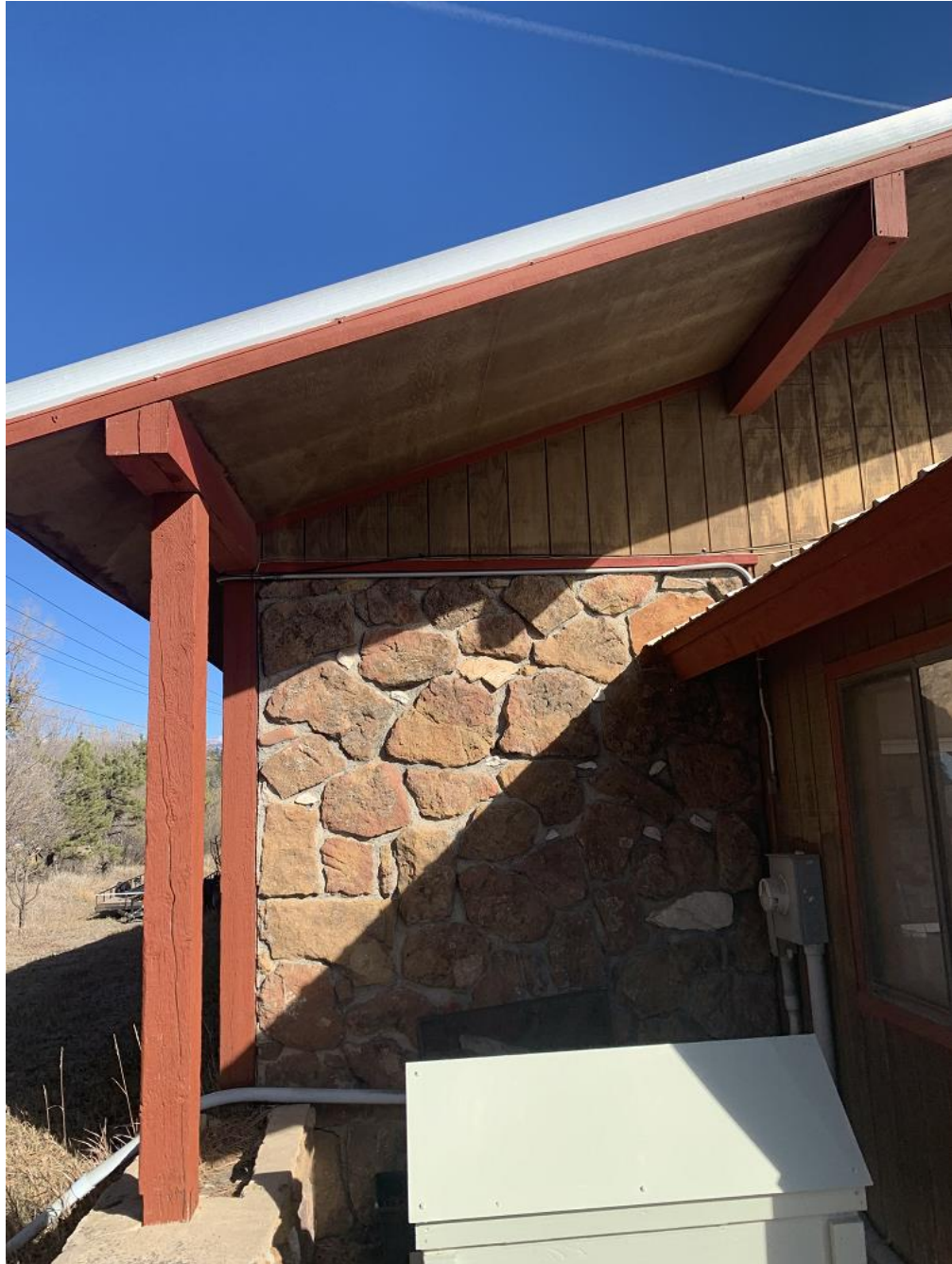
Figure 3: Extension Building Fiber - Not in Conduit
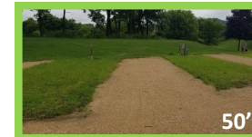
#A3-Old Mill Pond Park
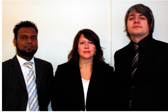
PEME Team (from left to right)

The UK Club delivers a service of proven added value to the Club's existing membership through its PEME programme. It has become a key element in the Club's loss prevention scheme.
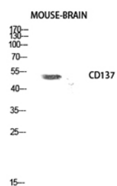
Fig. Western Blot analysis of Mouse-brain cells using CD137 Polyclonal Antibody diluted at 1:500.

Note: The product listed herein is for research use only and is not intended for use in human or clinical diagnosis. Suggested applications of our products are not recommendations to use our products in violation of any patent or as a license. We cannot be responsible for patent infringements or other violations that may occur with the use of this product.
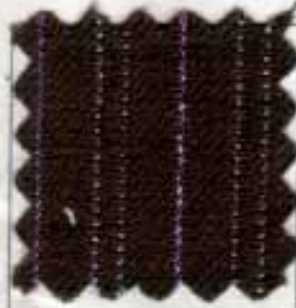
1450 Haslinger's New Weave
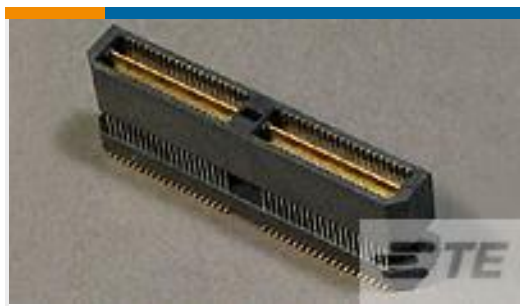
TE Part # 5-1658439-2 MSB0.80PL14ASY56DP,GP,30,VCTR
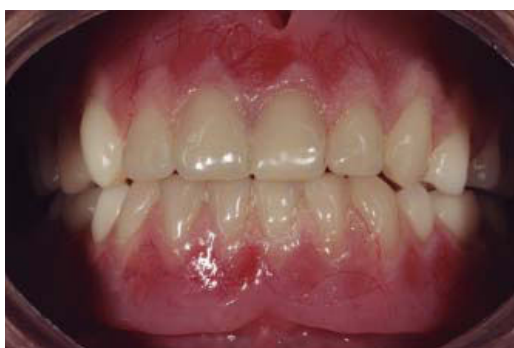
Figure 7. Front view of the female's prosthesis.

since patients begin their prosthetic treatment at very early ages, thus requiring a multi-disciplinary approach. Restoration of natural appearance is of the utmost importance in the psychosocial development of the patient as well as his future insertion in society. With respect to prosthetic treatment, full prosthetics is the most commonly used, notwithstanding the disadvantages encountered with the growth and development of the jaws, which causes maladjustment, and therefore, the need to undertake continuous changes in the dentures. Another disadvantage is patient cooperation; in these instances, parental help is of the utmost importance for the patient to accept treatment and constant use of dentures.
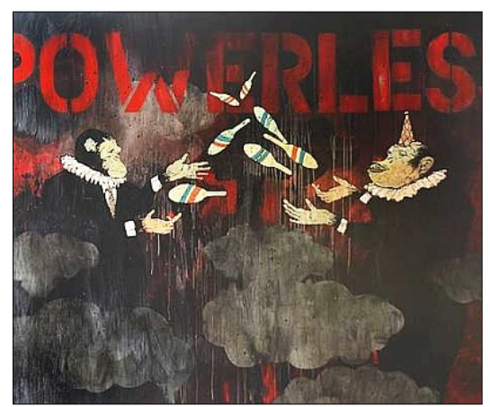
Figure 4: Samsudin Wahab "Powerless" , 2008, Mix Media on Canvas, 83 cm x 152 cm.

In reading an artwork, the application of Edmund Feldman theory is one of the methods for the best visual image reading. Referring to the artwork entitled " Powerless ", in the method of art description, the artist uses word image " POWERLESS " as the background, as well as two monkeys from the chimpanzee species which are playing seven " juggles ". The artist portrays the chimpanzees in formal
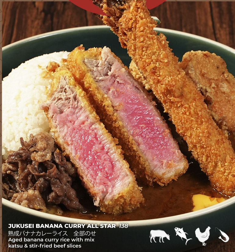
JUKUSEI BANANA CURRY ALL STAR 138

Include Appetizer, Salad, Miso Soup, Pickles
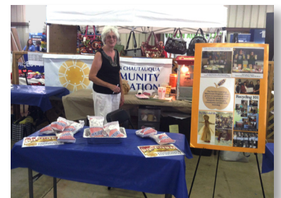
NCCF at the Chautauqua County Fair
━━━━━━━━━━━━━━━━
:: Assigned task ::
Apart from the images, every line above needs to be printed again exactly.

:: Exercise result ::
Figure 3: Extension Building Fiber - Not in Conduit
#A3-Old Mill Pond Park
PEME Team (from left to right)

The UK Club delivers a service of proven added value to the Club's existing membership through its PEME programme. It has become a key element in the Club's loss prevention scheme.
Fig. Western Blot analysis of Mouse-brain cells using CD137 Polyclonal Antibody diluted at 1:500.

Note: The product listed herein is for research use only and is not intended for use in human or clinical diagnosis. Suggested applications of our products are not recommendations to use our products in violation of any patent or as a license. We cannot be responsible for patent infringements or other violations that may occur with the use of this product.
1450 Haslinger's New Weave
TE Part # 5-1658439-2 MSB0.80PL14ASY56DP,GP,30,VCTR
Figure 7. Front view of the female's prosthesis.

since patients begin their prosthetic treatment at very early ages, thus requiring a multi-disciplinary approach. Restoration of natural appearance is of the utmost importance in the psychosocial development of the patient as well as his future insertion in society. With respect to prosthetic treatment, full prosthetics is the most commonly used, notwithstanding the disadvantages encountered with the growth and development of the jaws, which causes maladjustment, and therefore, the need to undertake continuous changes in the dentures. Another disadvantage is patient cooperation; in these instances, parental help is of the utmost importance for the patient to accept treatment and constant use of dentures.
Figure 4: Samsudin Wahab "Powerless" , 2008, Mix Media on Canvas, 83 cm x 152 cm.

In reading an artwork, the application of Edmund Feldman theory is one of the methods for the best visual image reading. Referring to the artwork entitled " Powerless ", in the method of art description, the artist uses word image " POWERLESS " as the background, as well as two monkeys from the chimpanzee species which are playing seven " juggles ". The artist portrays the chimpanzees in formal
JUKUSEI BANANA CURRY ALL STAR 138

Include Appetizer, Salad, Miso Soup, Pickles
NCCF at the Chautauqua County Fair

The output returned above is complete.